Kannst du uns ein wenig über dich erzählen?
Ein Embie, geboren auf dem Land in Portugal, Januar-Steinbock, 2000. Zwillinge-Mond. Löwe-Aszendent. Schütze-Venus. INTJ
Gegenwart: lebt in Porto, PT, Teilzeit Mode- und Untersuchungsdesign, Teilzeit Tech-Student.
Gab es bestimmte Wendepunkte in deiner Reise, die es dir ermöglichten, deine Sexualität und Identität vollständiger anzunehmen?
Ein spezifischer Wendepunkt war, als ich mich aufgrund der Pandemiezeiten mit mir selbst auseinandersetzen musste. Als jemand, der sich natürlicherweise isoliert, kanalisierte mein Identitätsgefühl die inneren Fantasien in eine von mir exklusiv gestaltete materielle und physische Umgebung. Das war etwas, was bis dahin – die Investition und Entfaltung dieser Gedanken als Ergänzung des täglichen Rituals – im Alltag eines Collegestudenten im Jahr 2020 unpraktisch oder unnötig gewesen wäre. Ich stellte mich der Gesellschaft mit einem neuen Gefühl der Kontrolle über die Erzählung und die soziale/externe Wahrnehmung vor.

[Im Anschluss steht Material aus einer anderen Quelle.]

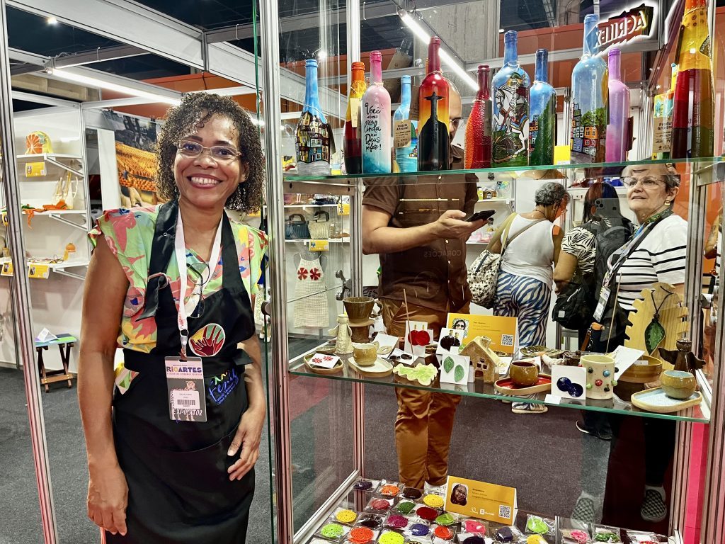 Artesã Dalva dos Santos e suas peças no estande da Fenig Nova Iguaçu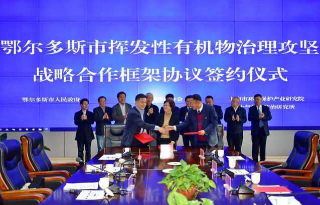 3日,鄂爾多斯市揮發(fā)性有機(jī)物治理攻堅戰(zhàn)略合作框架簽約儀式。攝影/章軻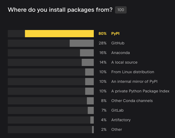 It’s no surprise that 80% of respondents install packages from PyPI. Other popular sources inculde GitHub (28%), Anaconda (16%), and local sources (14%).

Wie würdest du dich als Kreativer beschreiben? Siehst du Verbindungen zwischen deiner kreativen Arbeit und deiner Sexualität, die dazu beitragen? Und ermöglicht dir dieser kreative Antrieb eine Form der Selbstreflexion und Selbstfindung?
Ich unterstütze das Paradigma des hypersensuellen Ausdrucks mit einer asexuellen Denkweise, die meinen Charakter entwickelt hat. Und ich denke, das hat sich in meinem kreativen Antrieb gezeigt. Schließlich hängt jedes Konzept und jeder Ansatz vom Kontext ab, in dem es präsentiert wird. Daher erwarte ich vom künstlerischen Umfeld, dass BDSM und „suggestive“ Codes als soziokultureller Diskurs und nicht als Sexualisierung meiner (oder anderer) Person in der Öffentlichkeit verstanden werden.

Wie nutzt du Mode als Werkzeug, um gesellschaftliche Normen bezüglich Sexualität und Identität anzusprechen und herauszufordern?
Diese Frage ist eng mit der vorherigen verknüpft. Jeder hat den Ausdruck „Sex sells“ gehört oder verwendet. Modekampagnen sind ein Beispiel dafür. Obwohl wir als Kollektiv so ängstlich sind, unsere Wünsche und Bedürfnisse in einem entspannten Ton zu artikulieren. Diese sexuelle Entbehrung in der Art und Weise, wie wir kommunizieren, ist es, die Missverständnisse von Werten und Verhaltensweisen hervorruft. Sie zeigt auch wirklich, wie Menschen ihre Körpersprache und Körperpflege konsumieren und artikulieren.


Siehst du Dessous oder Unterwäsche als Medium, um traditionelle Vorstellungen von Geschlecht, Intimität oder Sexualität herauszufordern oder neu zu definieren? Wie hat dies deine Beziehung zu deinem Körper oder anderen beeinflusst?
Dessous sind eine Schicht, die immer vorhanden, aber manchmal übersehen wird, weil sie nicht sichtbar ist. Ich sehe diese Artikel als Designobjekte mit dem Potenzial, die Körper-Euphorie in ihren verschiedenen Erzählungen der Selbstverachtung zu steigern. Ich mag das Konzept nicht, etwas danach auszuwählen, was deinen Partner anziehen könnte, oder nur von jemand anderem ausgewählt zu werden. Für mich fühlt es sich wie ein Prozess der Entpersonalisierung an. Es sollte von innen kommen, bis diese Schicht abgelegt ist, wo du am verletzlichsten bist – das ist das, was deiner Haut am nächsten ist. Rollenspiele sind in dieser Aussage nicht enthalten.


Wie entwickelst du dich heute in deiner Beziehung zu Identität, Intimität und Selbstausdruck weiter?
Ich erlaube mir und allen um mich herum, dass sich unsere Prioritäten jeden Tag ändern können, ohne Erwartungen, wenn jeder Einzelne sein eigenes Gefühl von Erfüllung und Leichtigkeit anstrebt. Es ist normal, dass Dinge ephemer sind, und so sind auch Gefühle und alles andere, was als garantiert angesehen werden kann.